Póki co podziwiam małe rączki,stópki dzieci koleżanek.Moja radość miesza się ze smutkiem.Jakoś ciężko to wytłumaczyć.Jakoś dziwnie życie się układa..S. pociesza, ociera łzy ale chyba nie rozumie,że mój zegar niedługo wybije 12..Czy dane mi będzie przekonać się jak to jest?
Powoli tracę nadzieję...
Pozdrawiam Tangerina;)
Tańce, hulanki, swawole!

1/11/2017

Tańce, hulanki, swawole!


Dzisiejszy dzień był taki, za jakim od dawna tęskniłam.
Dokopałam się do jakichś swoich starych płyt z Zumbą,tańcami Klanzy i szaleliśmy na całego!
Dzieciaki nie miały dość:)Ja straciłam głos i trochę wody:D Było fantastycznie!!
Mogę skakać, tańczyć do upadłego!Nareszcie!To już chyba ja sprzed wypadku.Hałas już nie sprawia mi bólu.w głowie się nie kręci, no chyba,że kręcę się w kółko z dzieciakami:)
A one chciały więcej i więcej:)Niedługo bal karnawałowy, więc damy czadu:)
Wracam do formy!

Muszę się do czegoś przyznać.Ja,totalny laik jeśli chodzi o kosmetyki,paznokcie i inne babskie szaleństwa,kupiłam sobie zestaw do hybryd:D Mój S. lał jak to zobaczył:)Skwitował:już widzę, jak Ty to będziesz robiła hahaha:)
Ano hahaha bo moje paznokcie i skórki to obraz nędzy i rozpaczy!Obrywałam skórki do krwi,paznokcie miałam słabe i rozdwojone.Moje ręce nadawały się do tego,żeby trzymać je jedynie w kieszeniach i nikomu nie pokazywać.Pewnego dnia koleżanka zaproponowała,że się mną zajmie.
Zgodziłam się jedynie ze względu na to,że może w końcu uda mi się pozbyć koszmarnego zwyczaju skubania suchych skórek.
Zrobiła mi już zabieg po raz drugi.Skórki mam w idealnym stanie, a paznokcie są mocne i długie:)
Zamówiłam zestaw Semilac. Nie wiem jak się do tego zabrać bo zdolności i cierpliwość u mnie słabe.Na razie poczekam.Za jakiś tydzień będę musiała je zmienić i spróbuję zrobić sama.
A jeszcze niedawno moje paluchy były pokrwawione!

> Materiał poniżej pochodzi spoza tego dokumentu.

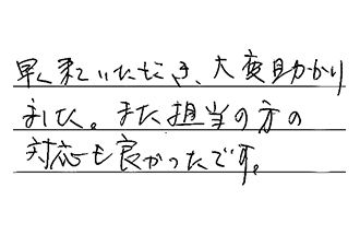 営業の方の対応がとても早く、工事の完了までに2日と、とても喜んでいます。

Dziś na spacerze zgubiłam kolczyk.To był piękny komplet Yes.Dostałam go pod choinkę.
Czułam,że go posieję bo nie miał porządnego zapięcia, a u mnie musi być konkret:)
Bardzo mi przykro ale będzie okazja by kupić nowy:D




Zakwas gotowy.Mam nadzieję,że zaimpregnuje mnie na całą zimę;)


Miesiączka przyszła dwa dni wcześniej.W zasadzie to plamienie.Pierwszy raz w życiu odwaliła mi taki numer.Chyba faktycznie czas udać się na jakąś wizytę kontrolną.